*** Opening Exercise input ***

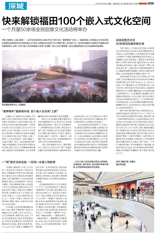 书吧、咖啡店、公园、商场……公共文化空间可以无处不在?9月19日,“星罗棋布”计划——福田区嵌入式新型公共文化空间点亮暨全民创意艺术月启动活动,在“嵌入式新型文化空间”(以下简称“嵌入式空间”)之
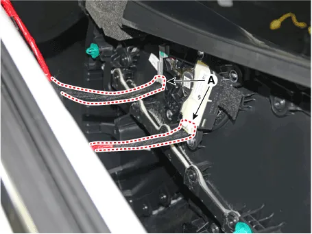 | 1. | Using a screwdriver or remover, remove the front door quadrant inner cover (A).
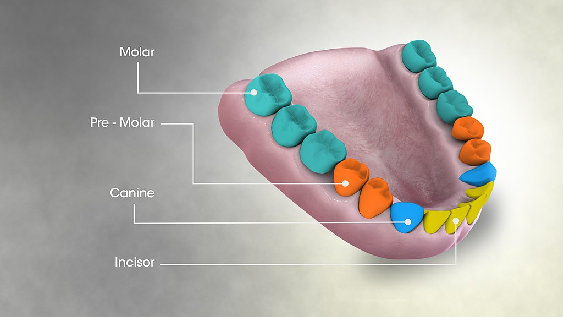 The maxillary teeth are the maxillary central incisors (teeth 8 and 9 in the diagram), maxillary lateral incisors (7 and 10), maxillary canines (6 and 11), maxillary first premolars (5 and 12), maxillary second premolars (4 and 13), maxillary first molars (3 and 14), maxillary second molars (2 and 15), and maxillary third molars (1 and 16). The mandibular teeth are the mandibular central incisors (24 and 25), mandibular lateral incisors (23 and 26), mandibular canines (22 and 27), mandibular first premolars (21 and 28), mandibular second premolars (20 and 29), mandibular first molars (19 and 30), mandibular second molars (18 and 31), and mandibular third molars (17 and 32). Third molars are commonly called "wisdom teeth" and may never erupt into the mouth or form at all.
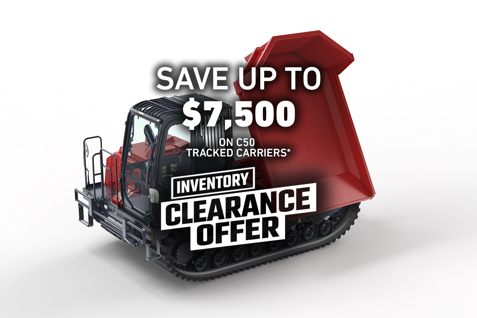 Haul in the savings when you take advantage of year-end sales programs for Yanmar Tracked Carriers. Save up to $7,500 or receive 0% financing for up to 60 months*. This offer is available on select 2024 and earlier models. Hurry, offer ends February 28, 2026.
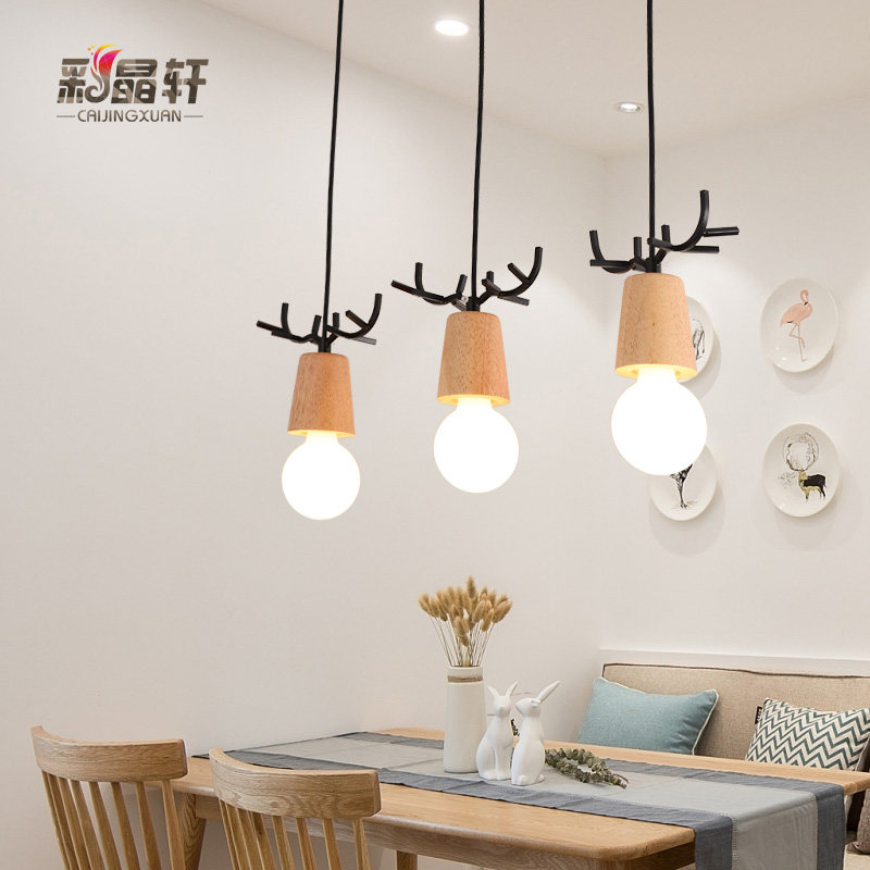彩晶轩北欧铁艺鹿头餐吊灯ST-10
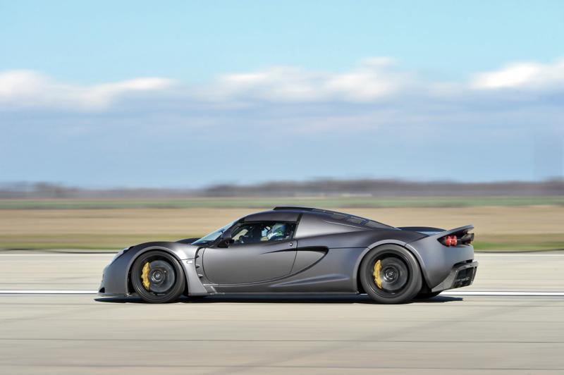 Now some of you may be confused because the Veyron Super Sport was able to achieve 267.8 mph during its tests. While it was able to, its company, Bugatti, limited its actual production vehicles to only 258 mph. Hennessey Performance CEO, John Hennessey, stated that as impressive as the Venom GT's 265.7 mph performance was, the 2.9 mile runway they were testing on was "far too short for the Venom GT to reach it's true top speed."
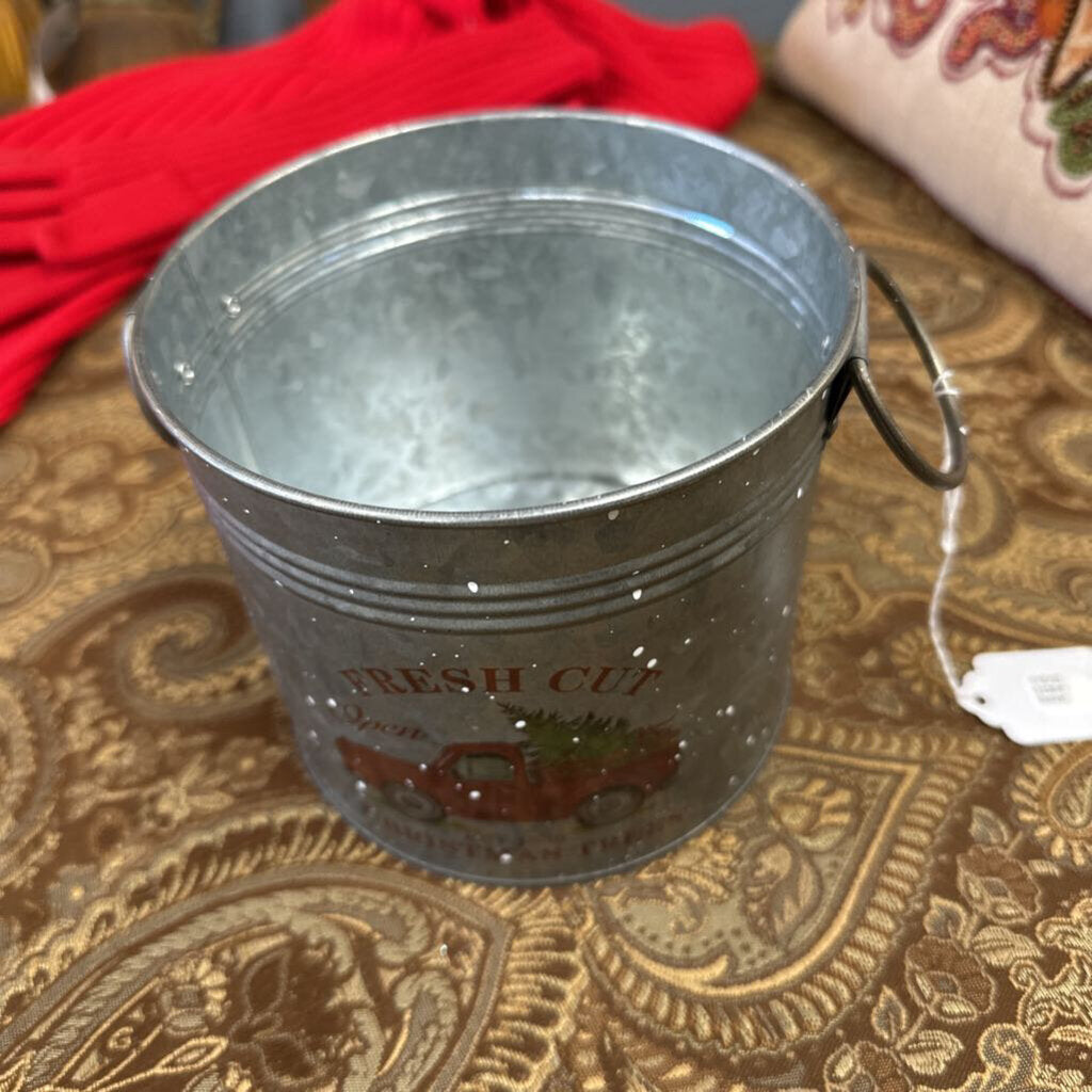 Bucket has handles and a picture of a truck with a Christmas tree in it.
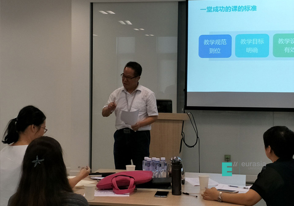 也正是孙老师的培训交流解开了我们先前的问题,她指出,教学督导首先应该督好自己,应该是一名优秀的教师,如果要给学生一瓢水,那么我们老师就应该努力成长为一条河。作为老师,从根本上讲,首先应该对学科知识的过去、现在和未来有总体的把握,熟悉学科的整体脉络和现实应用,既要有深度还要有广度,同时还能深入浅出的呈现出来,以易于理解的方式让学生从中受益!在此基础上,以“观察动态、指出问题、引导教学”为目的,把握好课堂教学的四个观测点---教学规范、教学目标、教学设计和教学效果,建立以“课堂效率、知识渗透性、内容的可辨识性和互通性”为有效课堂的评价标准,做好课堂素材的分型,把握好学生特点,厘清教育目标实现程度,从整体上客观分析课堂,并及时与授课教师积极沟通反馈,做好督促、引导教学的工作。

*** Closing Exercise input ***

Write out the lines of the entries above exactly, beginning with the first and ending with the line that contains "Now some of". No picture goes in.

Output below:
 书吧、咖啡店、公园、商场……公共文化空间可以无处不在?9月19日,“星罗棋布”计划——福田区嵌入式新型公共文化空间点亮暨全民创意艺术月启动活动,在“嵌入式新型文化空间”(以下简称“嵌入式空间”)之
 | 1. | Using a screwdriver or remover, remove the front door quadrant inner cover (A).
 The maxillary teeth are the maxillary central incisors (teeth 8 and 9 in the diagram), maxillary lateral incisors (7 and 10), maxillary canines (6 and 11), maxillary first premolars (5 and 12), maxillary second premolars (4 and 13), maxillary first molars (3 and 14), maxillary second molars (2 and 15), and maxillary third molars (1 and 16). The mandibular teeth are the mandibular central incisors (24 and 25), mandibular lateral incisors (23 and 26), mandibular canines (22 and 27), mandibular first premolars (21 and 28), mandibular second premolars (20 and 29), mandibular first molars (19 and 30), mandibular second molars (18 and 31), and mandibular third molars (17 and 32). Third molars are commonly called "wisdom teeth" and may never erupt into the mouth or form at all.
 Haul in the savings when you take advantage of year-end sales programs for Yanmar Tracked Carriers. Save up to $7,500 or receive 0% financing for up to 60 months*. This offer is available on select 2024 and earlier models. Hurry, offer ends February 28, 2026.
彩晶轩北欧铁艺鹿头餐吊灯ST-10
 Now some of you may be confused because the Veyron Super Sport was able to achieve 267.8 mph during its tests. While it was able to, its company, Bugatti, limited its actual production vehicles to only 258 mph. Hennessey Performance CEO, John Hennessey, stated that as impressive as the Venom GT's 265.7 mph performance was, the 2.9 mile runway they were testing on was "far too short for the Venom GT to reach it's true top speed."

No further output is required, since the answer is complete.